During the heat treatment for activating the ion-implanted impurities, the length of the high resistance portion (resistance element portion) E' is reduced from L to L' due to lateral diffusion of the impurities. Due to the height, the resistance value can be significantly increased compared to the initial film thickness d, and L' can be made smaller.

In the above embodiment, impurities are introduced to form the low resistance portion by ion implantation, but thermal diffusion may be used instead of ion implantation.

<Effects of the Invention> As explained in detail above, according to the present invention, the high resistance portion (
In a semiconductor device having multiple polysilicon films including a resistance element part) and a low resistance part (connection wiring part), the element dimensions of the high resistance part can be made extremely small. This makes it possible to downsize and increase the density of the device.

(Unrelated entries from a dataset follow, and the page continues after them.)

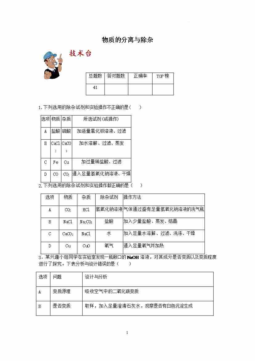 【期末冲刺】考点过关训练:物质的分离与除杂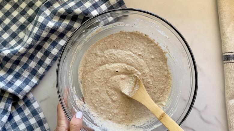 Start by blending the drained cashews and water into a smooth liquid. Pour this into a large bowl, and add 1 ½ tablespoons of the avocado oil, along with the vanilla. Stir to combine, and then add in the dry ingredients. Stir well to combine, and then let it sit for 10 minutes to thicken. "The flax seeds combined with the liquid will act as our egg, and thicken the mixture as it sits," Hahn remarks.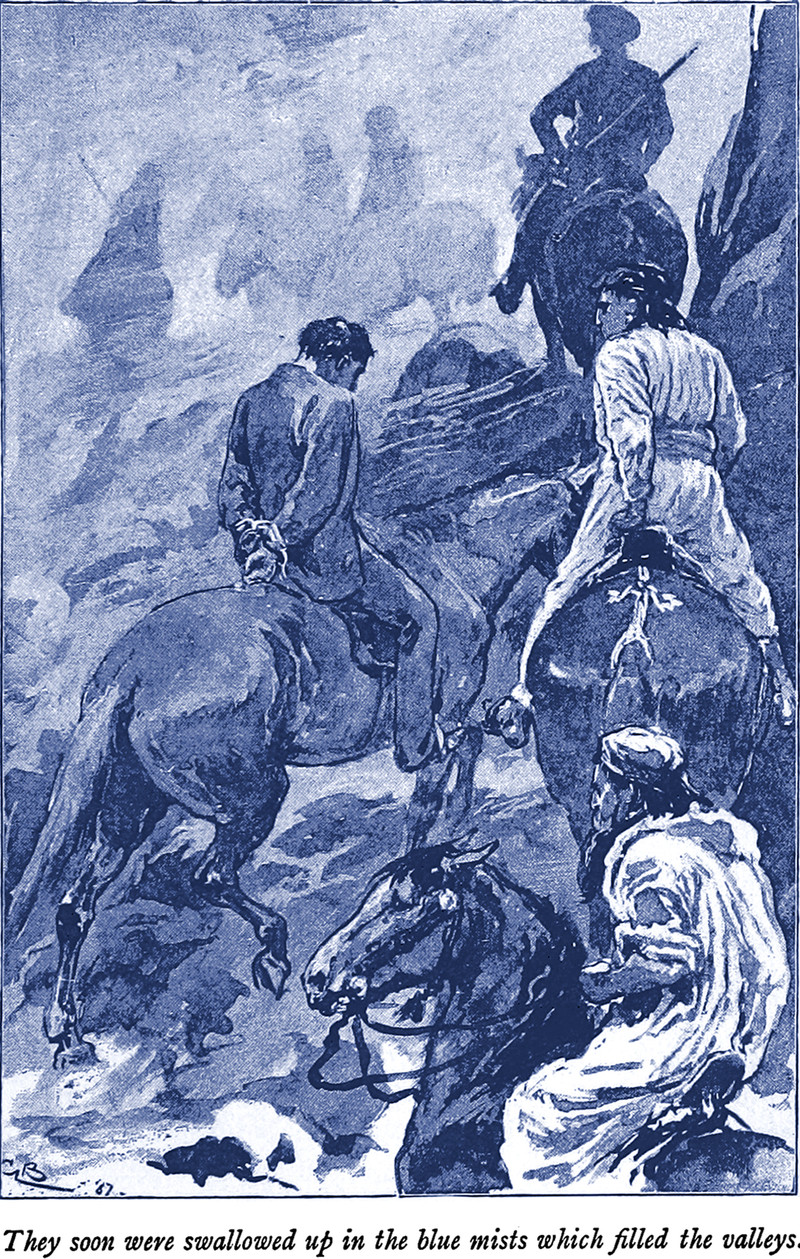 "They soon were swallowed up in the blue mists which filled the valleys," from Twycross's Redemption by Alfred Saint Johnston, 1888.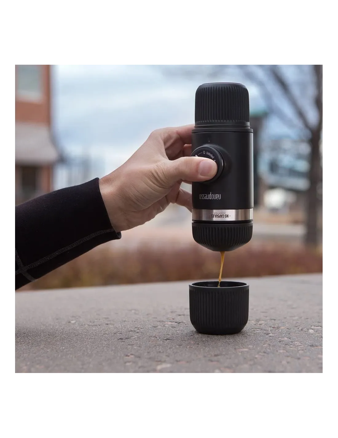 Nanopresso je vonkajší kávovar, ktorý pripravuje lahodné espresso na cestách bez elektrickej energie. Všetko, čo potrebujete, je horúca voda, káva a trochu energie.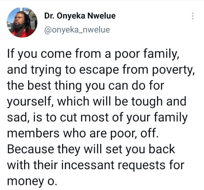“If you come from a poor family, and trying to escape from poverty, the best thing you can do for yourself, which will be tough and sad, is to cut most of your family members who are poor, off. Because they will set you back with their incessant requests for money o.”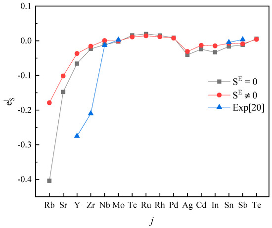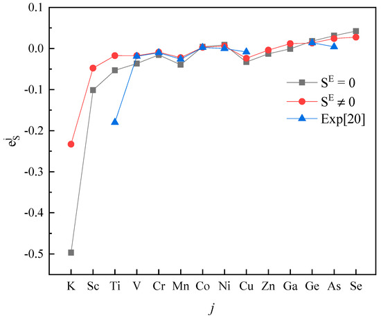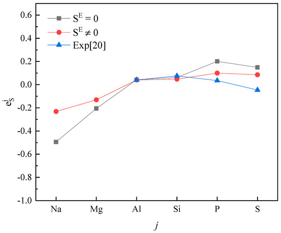 (2) The calculated results for e S j in Fe-based melts (Fe-S-j) by current model at 1873 K, with or without considering the excess entropy, show that better results would be obtained with considering the excess entropy. And better results would be obtained for the elements j located in the middle of periodic table nearby the Fe group.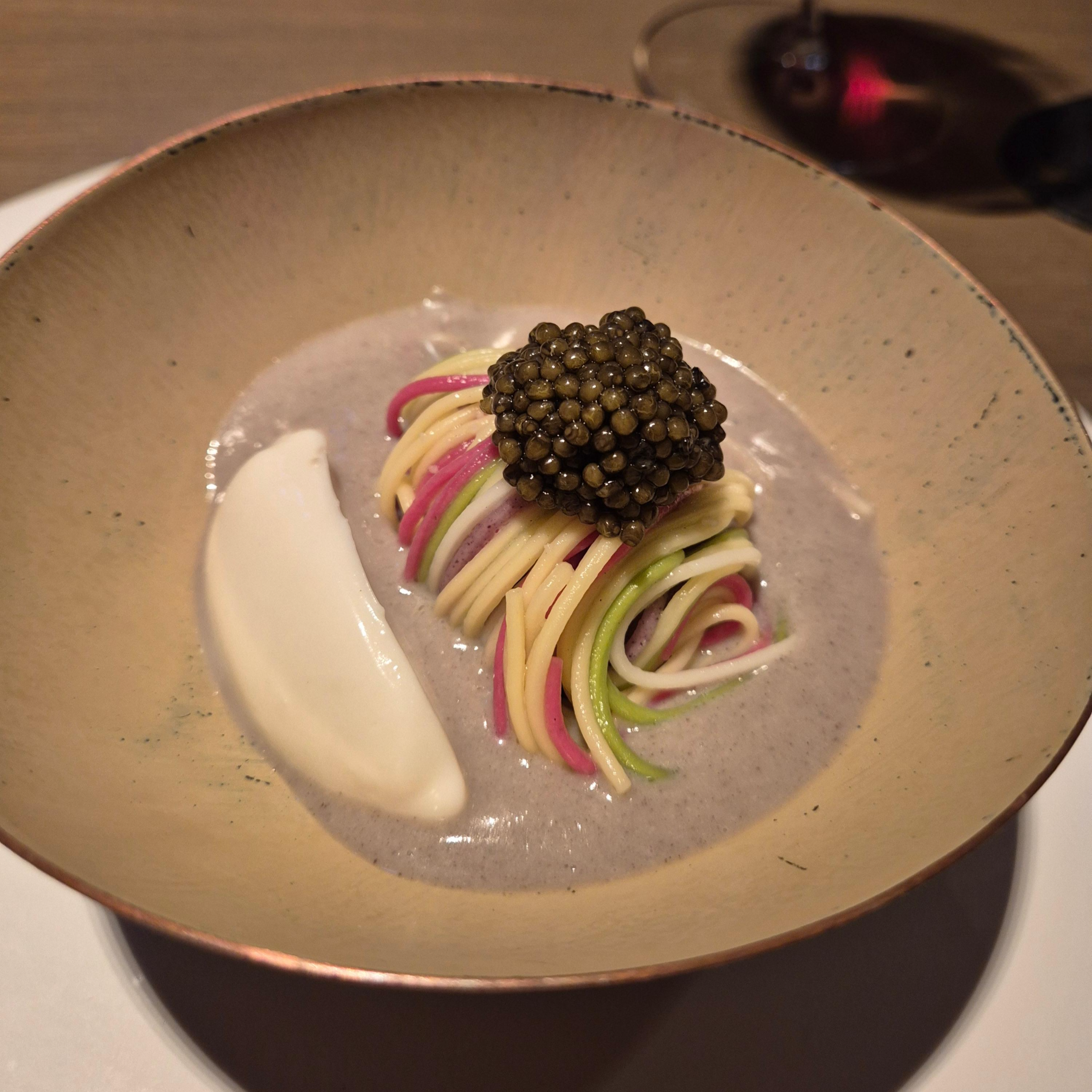 Korean rice noodle, soy, caviar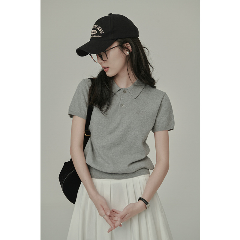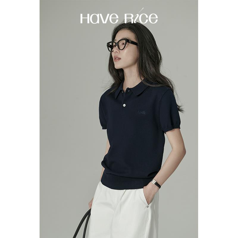 HAVERICE饭馆 知识分子 2025新款经典2.0复古针织短袖t恤POLO衫女

[Brief explanation of the drawing]

FIG. 1 is a diagram showing the structure of a semiconductor device and its manufacturing process according to the present invention, and FIG. 2 is a diagram showing an example of the structure of a conventional semiconductor device and its manufacturing process. 11: Semiconductor substrate, 12: Active region, 13, 18: Insulating film, 14: Polysilicon film, 15
: Thin polysilicon oxide film, 16: Nitride film, 17.17
': LOCOS oxide film, 19; aluminum wiring electrode, D', F'
: low resistance part, E': high resistance part. Agent Patent Attorney Aihiko Fuku (and 2 others) Matter 11-P
Yu 3 and a half 1 resting straw first proverb F zomejo 1 field: C encouragement 1 picture

Claims (3)

[Claims] (1) In a semiconductor device having a plurality of polysilicon films including a high resistance part (resistance element part) and a low resistance part (connection wiring part), the separation between the plurality of polysilicon films is performed using a polysilicon oxide film. A semiconductor device characterized in that the polysilicon film thickness of the high resistance part is made thinner than the polysilicon film thickness of the low resistance part. (2) A semiconductor device having a plurality of polysilicon films including a high resistance part (resistance element part) and a low resistance part (connection wiring part), in which the separation between the plurality of polysilicon films is formed by a polysilicon oxide film. In the method for manufacturing a semiconductor device in which the polysilicon film thickness of the high resistance part is made thinner than the polysilicon film thickness of the low resistance part, for forming a polysilicon oxide film separating the polysilicon films. a first selective oxidation step, and a second selective oxidation step for thinning the high-resistance portion.
1. A method for manufacturing a semiconductor device, comprising: a selective oxidation step. (3) A patent characterized in that impurity ion implantation or impurity thermal diffusion for forming a low resistance part is performed using the polysilicon oxide film formed on the high resistance part by the second selective oxidation process as a mask. A method for manufacturing a semiconductor device according to claim (2).